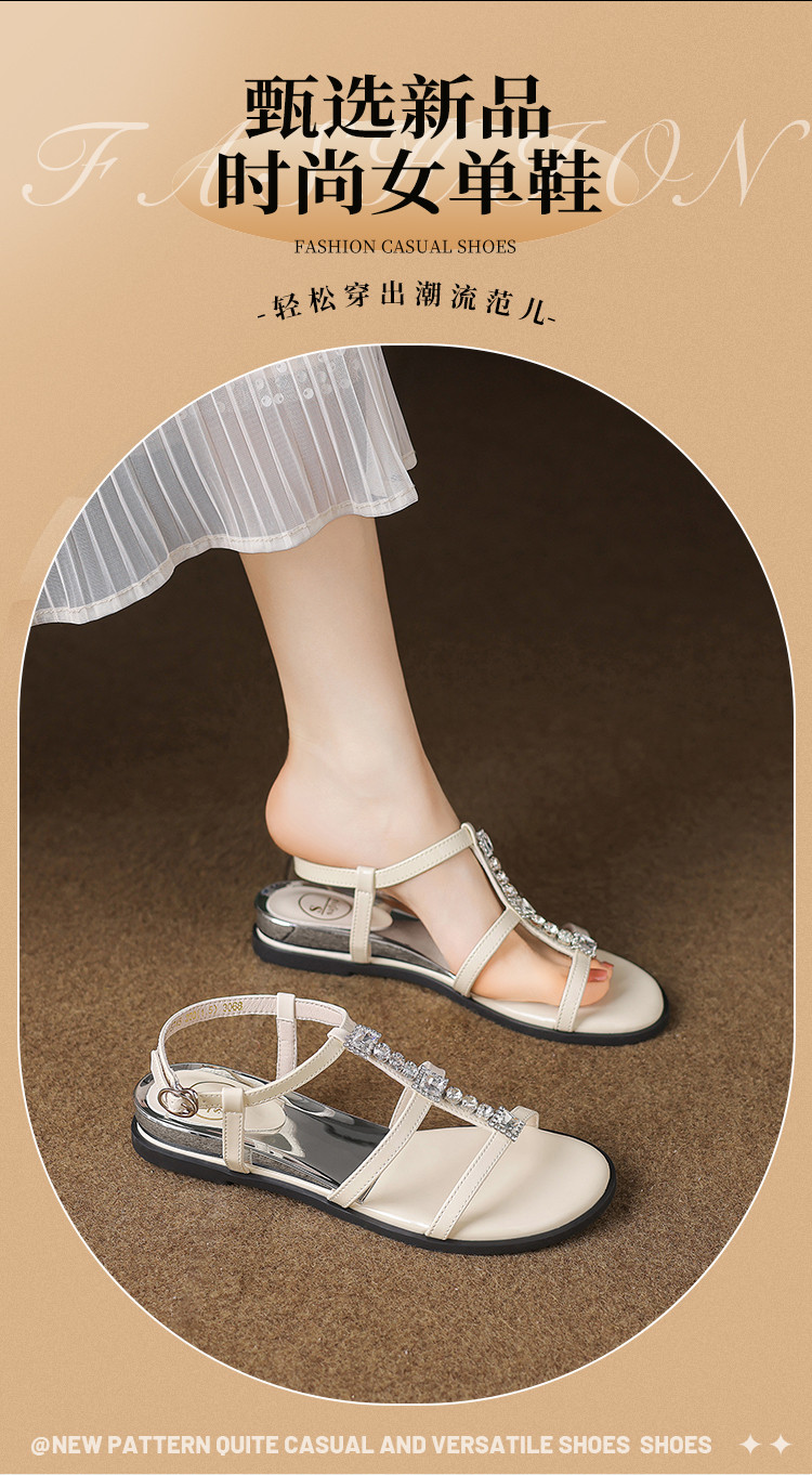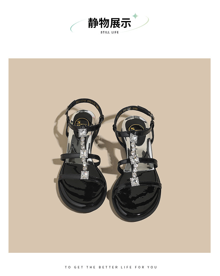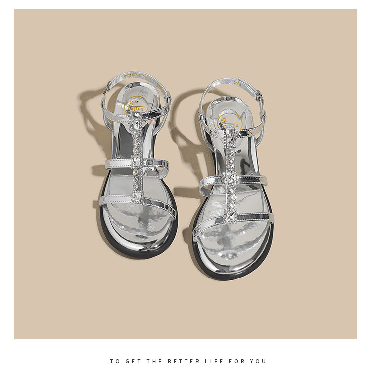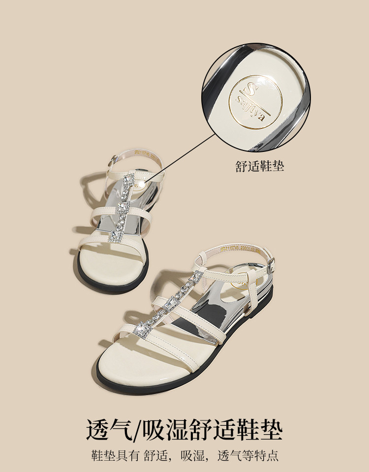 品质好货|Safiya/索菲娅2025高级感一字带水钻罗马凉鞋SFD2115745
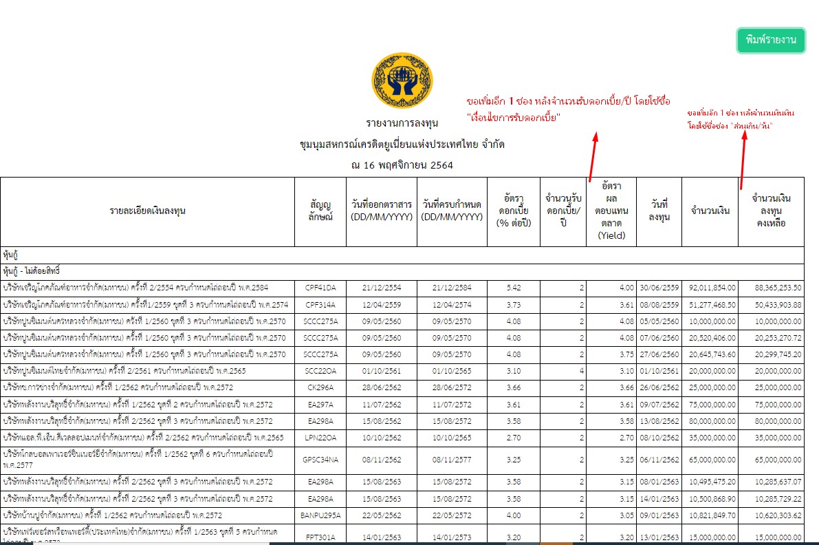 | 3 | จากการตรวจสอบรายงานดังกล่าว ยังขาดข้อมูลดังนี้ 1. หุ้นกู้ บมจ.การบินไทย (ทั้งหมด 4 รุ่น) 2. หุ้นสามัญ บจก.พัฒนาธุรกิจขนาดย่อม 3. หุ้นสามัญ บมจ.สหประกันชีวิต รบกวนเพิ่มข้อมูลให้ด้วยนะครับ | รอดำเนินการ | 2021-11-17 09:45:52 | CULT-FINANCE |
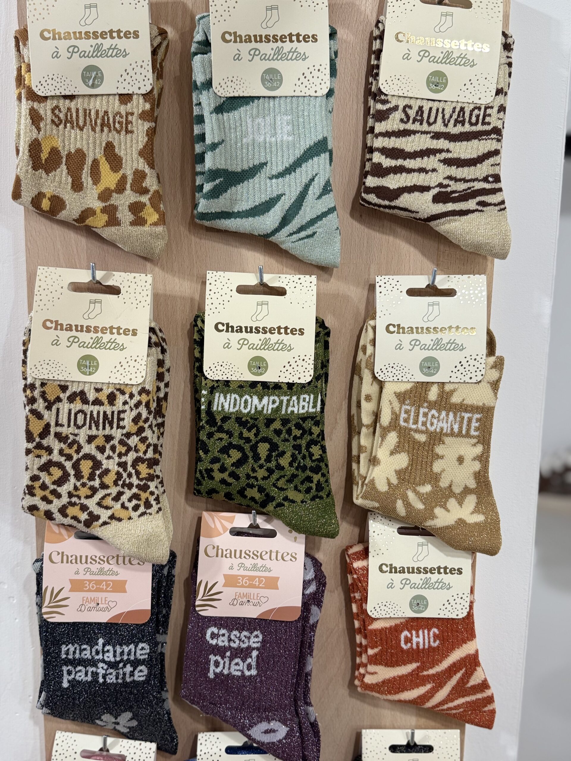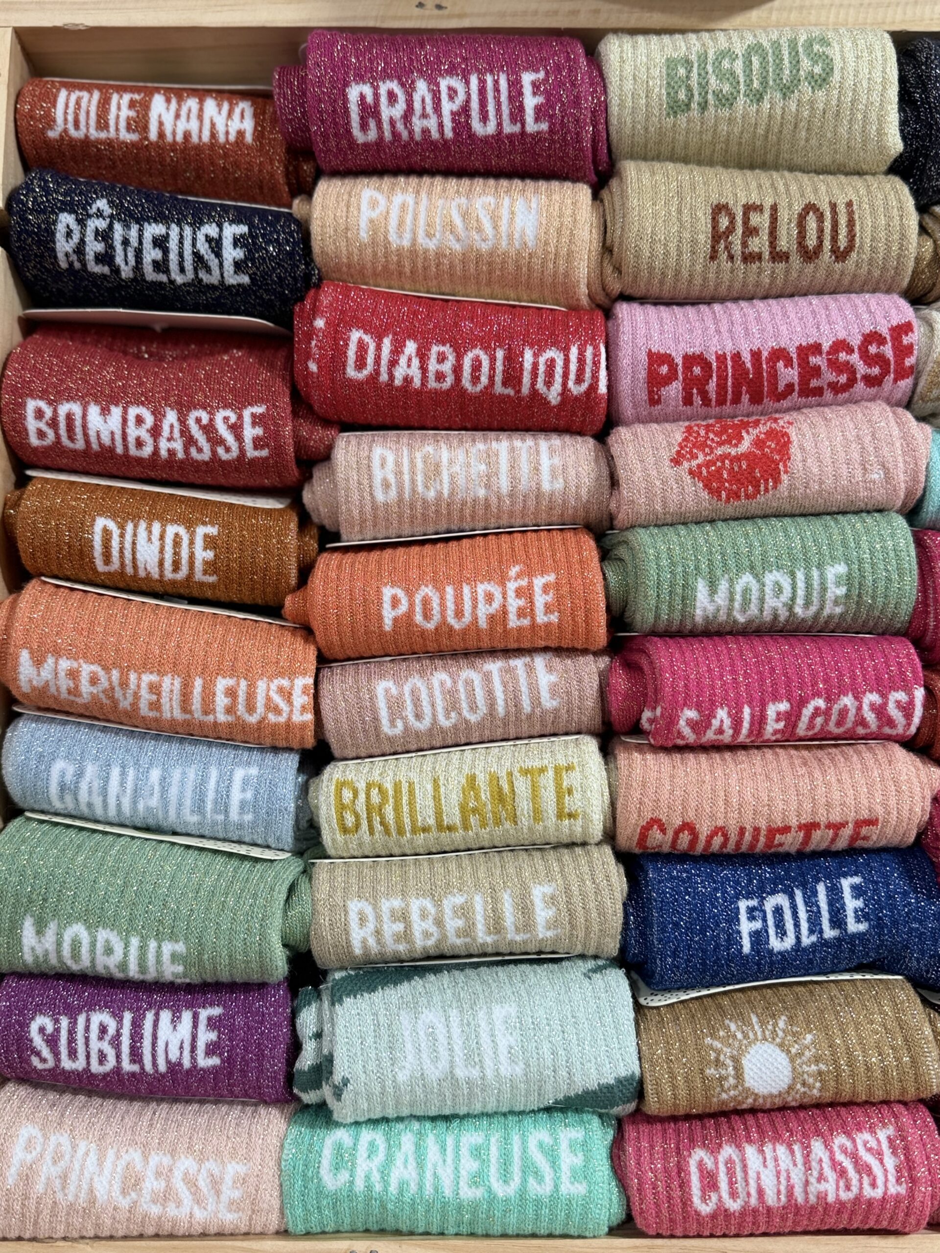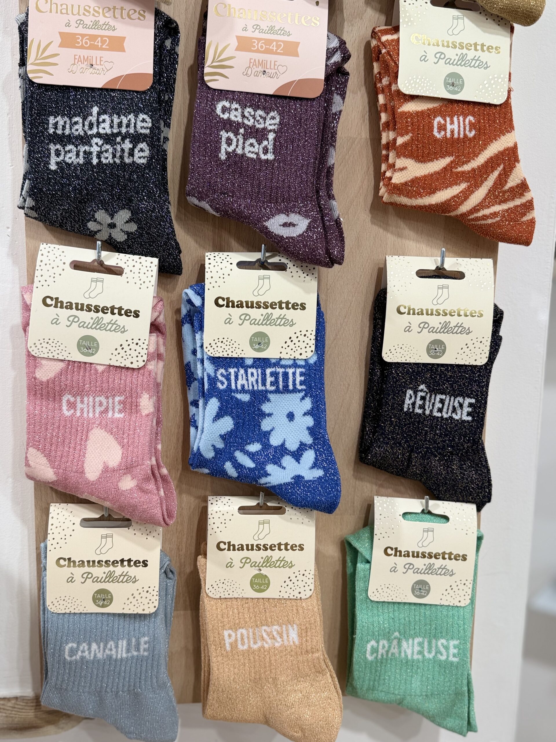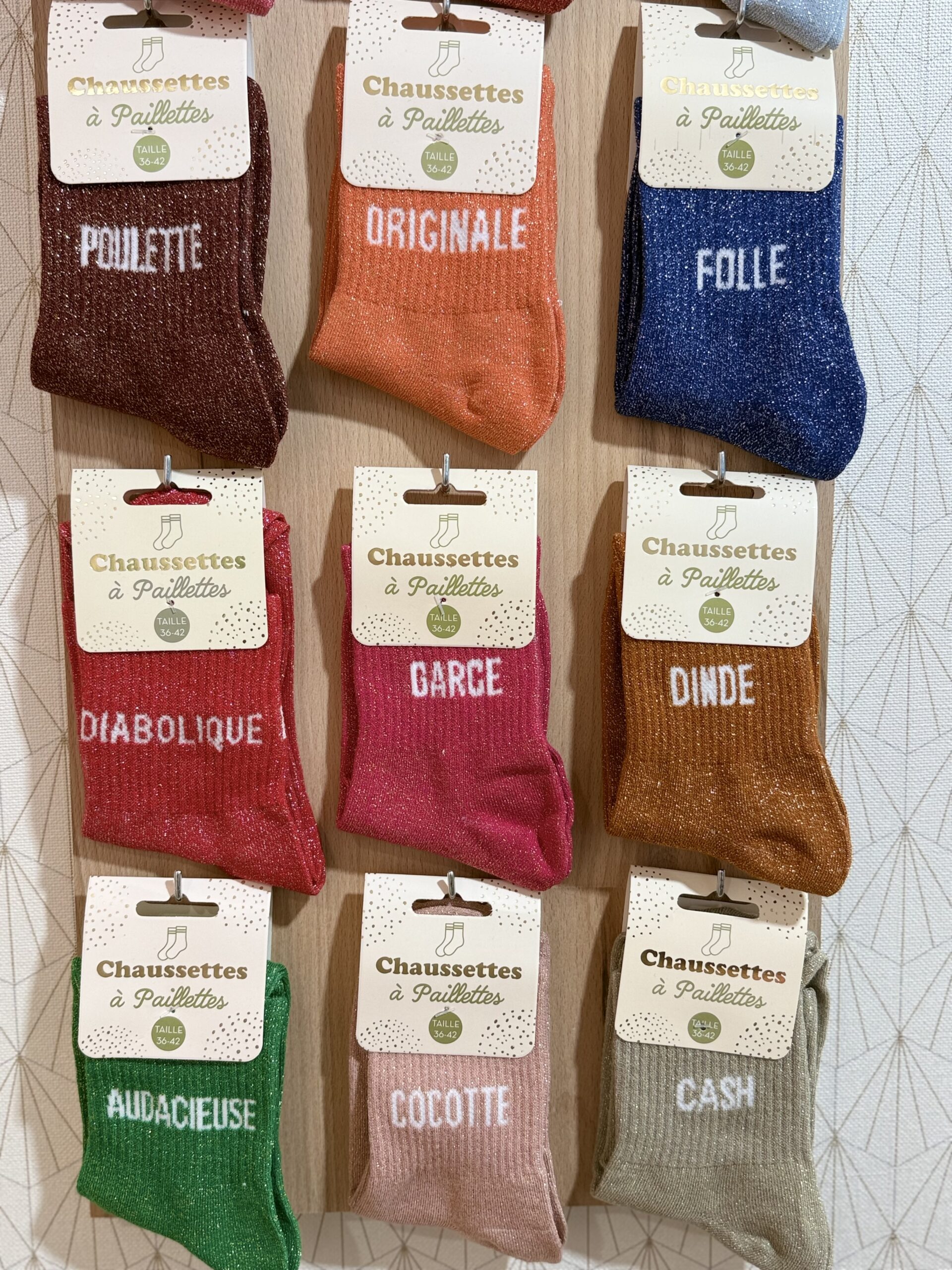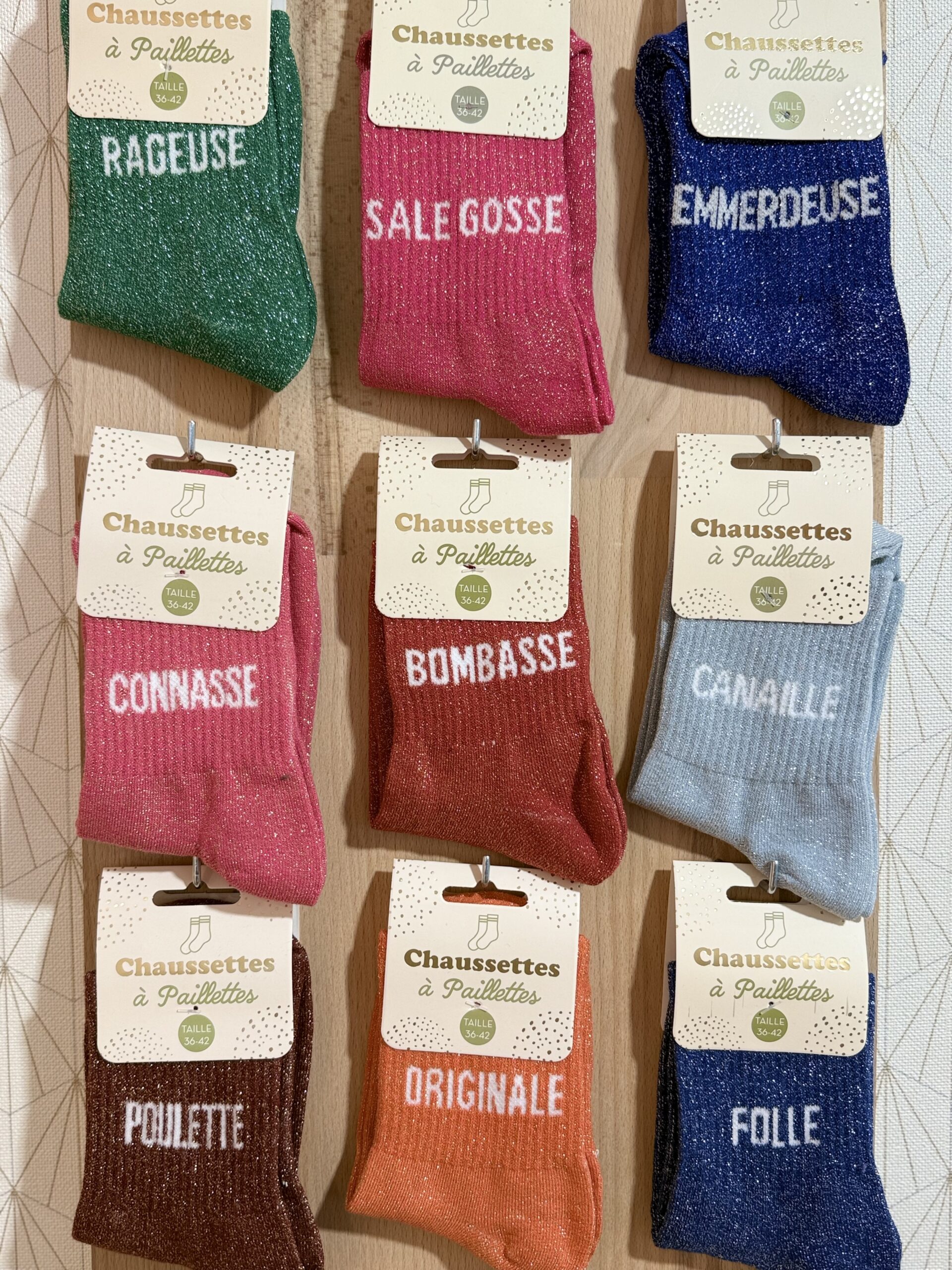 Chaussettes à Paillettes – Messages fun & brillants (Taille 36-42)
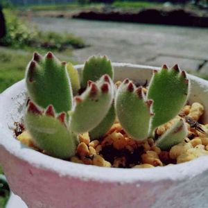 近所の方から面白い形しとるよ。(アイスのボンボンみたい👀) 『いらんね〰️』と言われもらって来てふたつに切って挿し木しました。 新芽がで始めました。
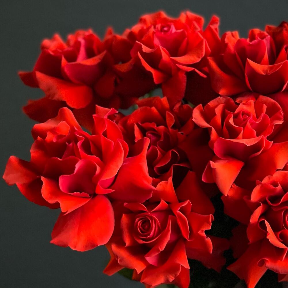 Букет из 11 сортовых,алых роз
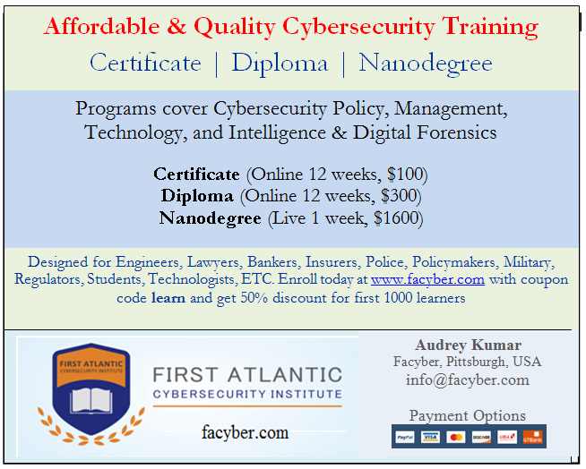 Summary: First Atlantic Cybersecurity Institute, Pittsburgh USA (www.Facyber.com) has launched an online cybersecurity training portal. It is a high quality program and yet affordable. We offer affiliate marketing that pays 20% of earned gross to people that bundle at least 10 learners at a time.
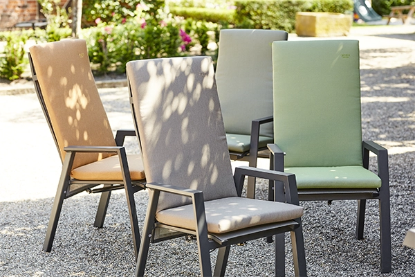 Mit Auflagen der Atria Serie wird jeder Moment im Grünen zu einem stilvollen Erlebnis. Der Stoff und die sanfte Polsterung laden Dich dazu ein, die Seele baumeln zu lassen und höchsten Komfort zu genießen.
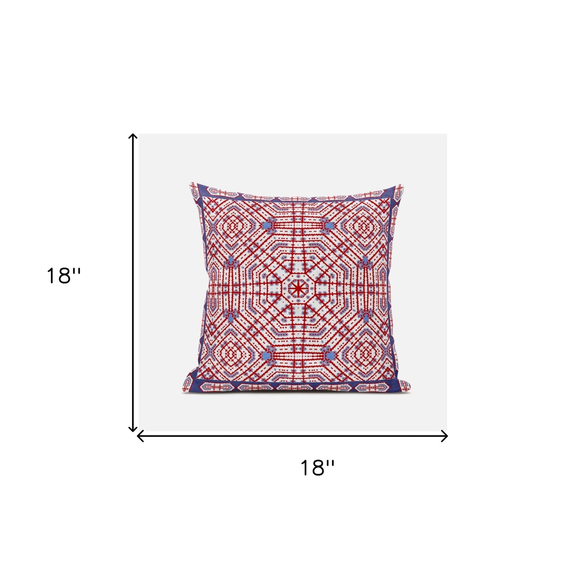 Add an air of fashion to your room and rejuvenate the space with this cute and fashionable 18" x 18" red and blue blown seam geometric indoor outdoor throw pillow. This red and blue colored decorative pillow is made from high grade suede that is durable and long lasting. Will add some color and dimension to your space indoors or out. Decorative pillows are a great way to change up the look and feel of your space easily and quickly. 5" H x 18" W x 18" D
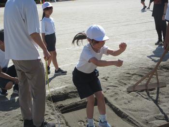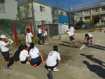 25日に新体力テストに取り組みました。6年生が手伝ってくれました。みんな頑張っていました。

= Your instructions =
All of the records above should be returned exactly, though the pictures should not.

= Result of the exercise =
 品质好货|Safiya/索菲娅2025高级感一字带水钻罗马凉鞋SFD2115745
 | 3 | จากการตรวจสอบรายงานดังกล่าว ยังขาดข้อมูลดังนี้ 1. หุ้นกู้ บมจ.การบินไทย (ทั้งหมด 4 รุ่น) 2. หุ้นสามัญ บจก.พัฒนาธุรกิจขนาดย่อม 3. หุ้นสามัญ บมจ.สหประกันชีวิต รบกวนเพิ่มข้อมูลให้ด้วยนะครับ | รอดำเนินการ | 2021-11-17 09:45:52 | CULT-FINANCE |
 Chaussettes à Paillettes – Messages fun & brillants (Taille 36-42)
 近所の方から面白い形しとるよ。(アイスのボンボンみたい👀) 『いらんね〰️』と言われもらって来てふたつに切って挿し木しました。 新芽がで始めました。
 Букет из 11 сортовых,алых роз
 Summary: First Atlantic Cybersecurity Institute, Pittsburgh USA (www.Facyber.com) has launched an online cybersecurity training portal. It is a high quality program and yet affordable. We offer affiliate marketing that pays 20% of earned gross to people that bundle at least 10 learners at a time.
 Mit Auflagen der Atria Serie wird jeder Moment im Grünen zu einem stilvollen Erlebnis. Der Stoff und die sanfte Polsterung laden Dich dazu ein, die Seele baumeln zu lassen und höchsten Komfort zu genießen.
 Add an air of fashion to your room and rejuvenate the space with this cute and fashionable 18" x 18" red and blue blown seam geometric indoor outdoor throw pillow. This red and blue colored decorative pillow is made from high grade suede that is durable and long lasting. Will add some color and dimension to your space indoors or out. Decorative pillows are a great way to change up the look and feel of your space easily and quickly. 5" H x 18" W x 18" D
 25日に新体力テストに取り組みました。6年生が手伝ってくれました。みんな頑張っていました。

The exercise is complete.